• [What the task asks]: Print every entry, word for word, and skip the images.

[Dataset items]
__________

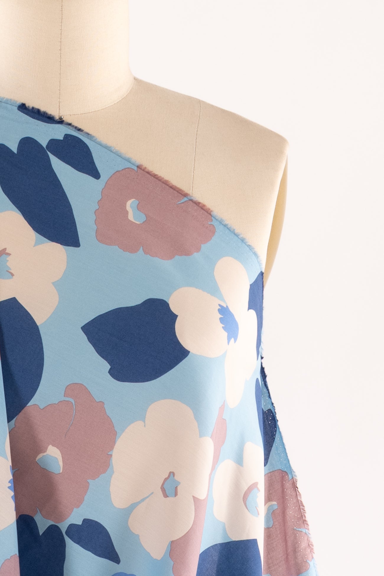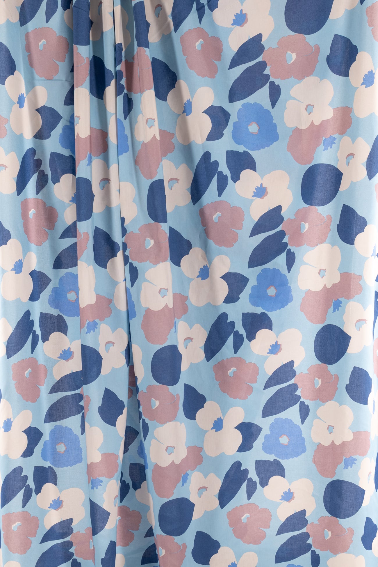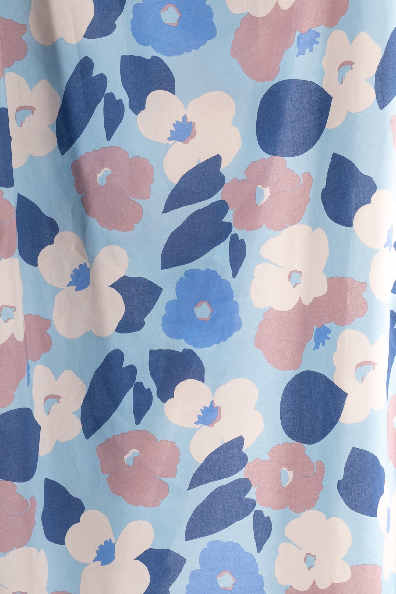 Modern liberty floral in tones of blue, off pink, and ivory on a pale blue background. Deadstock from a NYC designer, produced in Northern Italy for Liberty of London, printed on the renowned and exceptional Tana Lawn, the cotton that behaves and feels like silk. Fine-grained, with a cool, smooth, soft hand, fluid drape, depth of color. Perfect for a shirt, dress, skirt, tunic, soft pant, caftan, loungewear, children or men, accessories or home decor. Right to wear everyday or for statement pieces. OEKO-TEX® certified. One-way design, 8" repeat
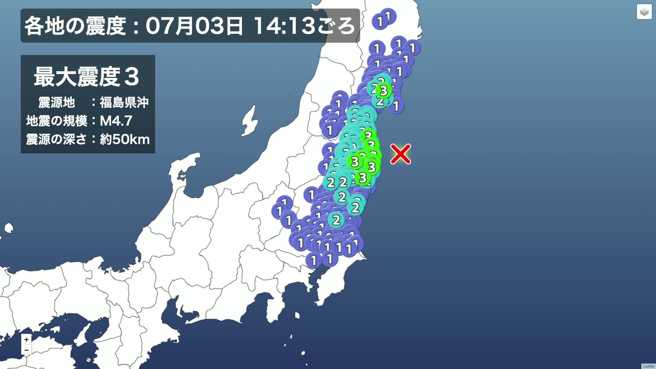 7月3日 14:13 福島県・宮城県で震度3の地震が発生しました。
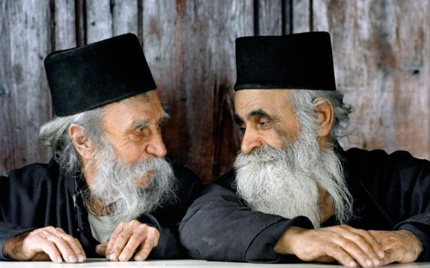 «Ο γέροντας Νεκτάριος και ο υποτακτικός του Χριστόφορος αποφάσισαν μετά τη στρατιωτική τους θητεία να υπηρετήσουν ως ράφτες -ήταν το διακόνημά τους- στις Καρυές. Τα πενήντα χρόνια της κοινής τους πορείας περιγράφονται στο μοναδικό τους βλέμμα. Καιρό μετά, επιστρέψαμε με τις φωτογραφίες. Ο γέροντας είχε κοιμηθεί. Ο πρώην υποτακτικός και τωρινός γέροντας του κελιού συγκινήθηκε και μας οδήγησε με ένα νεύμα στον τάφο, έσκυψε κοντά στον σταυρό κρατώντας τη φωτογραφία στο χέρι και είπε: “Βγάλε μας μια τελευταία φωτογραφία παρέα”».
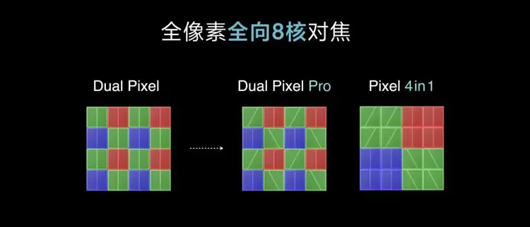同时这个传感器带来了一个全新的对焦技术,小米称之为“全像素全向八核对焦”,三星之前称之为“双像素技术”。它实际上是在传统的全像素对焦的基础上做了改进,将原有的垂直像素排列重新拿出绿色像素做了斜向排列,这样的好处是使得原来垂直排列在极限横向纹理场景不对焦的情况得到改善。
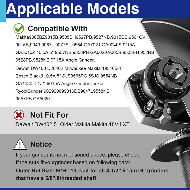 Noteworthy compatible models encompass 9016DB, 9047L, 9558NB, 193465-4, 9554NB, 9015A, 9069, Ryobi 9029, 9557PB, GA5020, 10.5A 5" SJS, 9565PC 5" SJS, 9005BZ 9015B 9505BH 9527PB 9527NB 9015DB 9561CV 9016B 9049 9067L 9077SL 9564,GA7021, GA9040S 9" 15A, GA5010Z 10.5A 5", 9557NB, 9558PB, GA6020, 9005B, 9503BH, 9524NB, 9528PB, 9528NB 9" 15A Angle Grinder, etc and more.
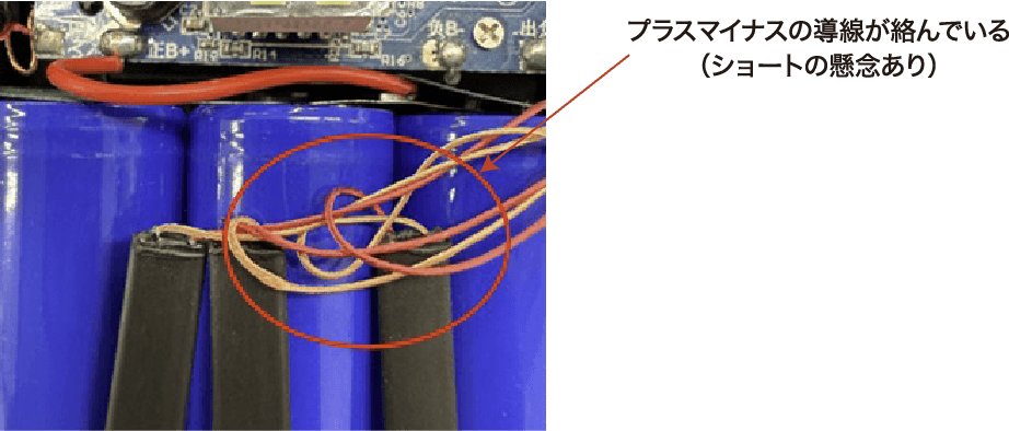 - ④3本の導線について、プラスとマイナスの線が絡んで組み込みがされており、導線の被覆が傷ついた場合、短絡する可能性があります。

__________

• [Answer to the exercise]:
 Modern liberty floral in tones of blue, off pink, and ivory on a pale blue background. Deadstock from a NYC designer, produced in Northern Italy for Liberty of London, printed on the renowned and exceptional Tana Lawn, the cotton that behaves and feels like silk. Fine-grained, with a cool, smooth, soft hand, fluid drape, depth of color. Perfect for a shirt, dress, skirt, tunic, soft pant, caftan, loungewear, children or men, accessories or home decor. Right to wear everyday or for statement pieces. OEKO-TEX® certified. One-way design, 8" repeat
 7月3日 14:13 福島県・宮城県で震度3の地震が発生しました。
 «Ο γέροντας Νεκτάριος και ο υποτακτικός του Χριστόφορος αποφάσισαν μετά τη στρατιωτική τους θητεία να υπηρετήσουν ως ράφτες -ήταν το διακόνημά τους- στις Καρυές. Τα πενήντα χρόνια της κοινής τους πορείας περιγράφονται στο μοναδικό τους βλέμμα. Καιρό μετά, επιστρέψαμε με τις φωτογραφίες. Ο γέροντας είχε κοιμηθεί. Ο πρώην υποτακτικός και τωρινός γέροντας του κελιού συγκινήθηκε και μας οδήγησε με ένα νεύμα στον τάφο, έσκυψε κοντά στον σταυρό κρατώντας τη φωτογραφία στο χέρι και είπε: “Βγάλε μας μια τελευταία φωτογραφία παρέα”».
同时这个传感器带来了一个全新的对焦技术,小米称之为“全像素全向八核对焦”,三星之前称之为“双像素技术”。它实际上是在传统的全像素对焦的基础上做了改进,将原有的垂直像素排列重新拿出绿色像素做了斜向排列,这样的好处是使得原来垂直排列在极限横向纹理场景不对焦的情况得到改善。
 Noteworthy compatible models encompass 9016DB, 9047L, 9558NB, 193465-4, 9554NB, 9015A, 9069, Ryobi 9029, 9557PB, GA5020, 10.5A 5" SJS, 9565PC 5" SJS, 9005BZ 9015B 9505BH 9527PB 9527NB 9015DB 9561CV 9016B 9049 9067L 9077SL 9564,GA7021, GA9040S 9" 15A, GA5010Z 10.5A 5", 9557NB, 9558PB, GA6020, 9005B, 9503BH, 9524NB, 9528PB, 9528NB 9" 15A Angle Grinder, etc and more.
 - ④3本の導線について、プラスとマイナスの線が絡んで組み込みがされており、導線の被覆が傷ついた場合、短絡する可能性があります。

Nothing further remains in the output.